Gene expression levels were positively correlated with PPI hub scores, whereas CV values were negatively correlated (Supplemental Table 3 in S1 File). Examining F* among genes with PPI hub scores revealed a weak but significant positive correlation with expression (0.026; p-value = 0.006), while a similar analysis using pathway hub scores showed a correlation near zero and not statistically significant (Supplemental Table 4 in S1 File).

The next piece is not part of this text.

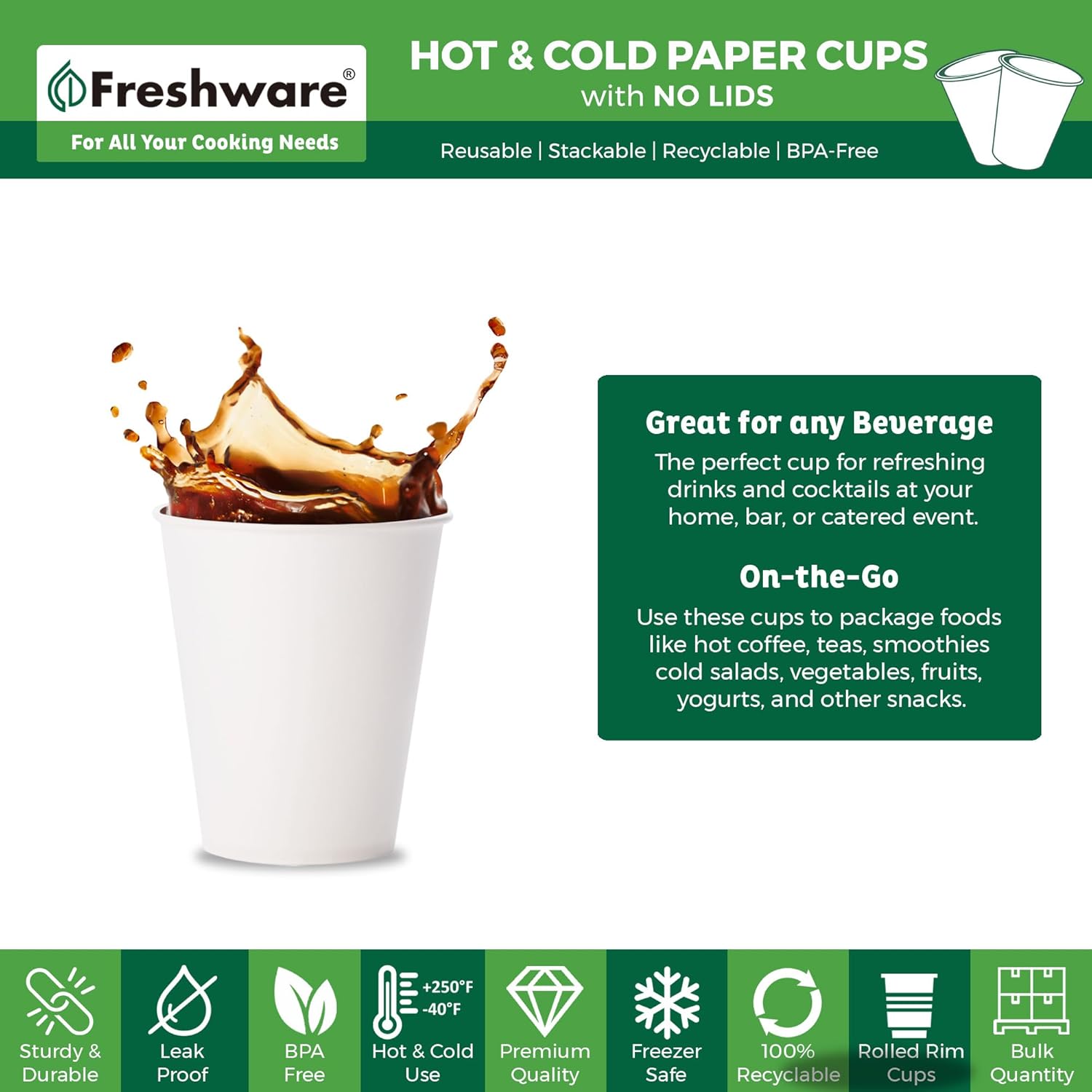Freshware Coffee Cups 8 oz [100 Pack] Disposable Paper Cups for Hot or Iced Coffee Cup, Slushie Cup, Milkshakes, Smoothies, and Tea
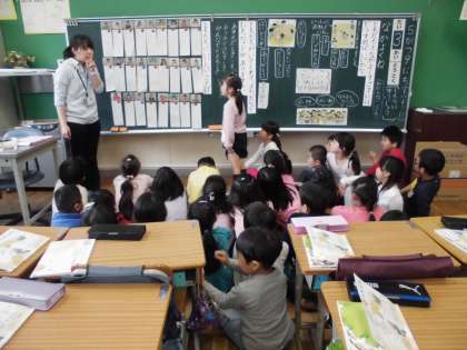 今年から池一小では校内研究(授業改善のための研究)で「特別の教科道徳」の授業改善に取り組んでいます。きょうも3クラスで道徳の授業がありました。下の写真は1年生と4年生の様子です。

To further understand differences between PPI hub genes and the full gene set, GO enrichment analysis was performed. Genes with PPI hub scores were overrepresented in binding, protein complex, and regulatory categories (Supplemental Table 5 in S1 File) and underrepresented in membranes, protein glycosylation, and tRNA processing (Supplemental Table 6 in S1 File). Enrichment of binding- and protein complex-associated functions is not surprising, as proteins with many interaction partners are expected to participate in intermolecular interactions. An underrepresentation of membrane-associated proteins may partially reflect known biases in some PPI detection methods, which can miss interactions involving membrane proteins [37,38].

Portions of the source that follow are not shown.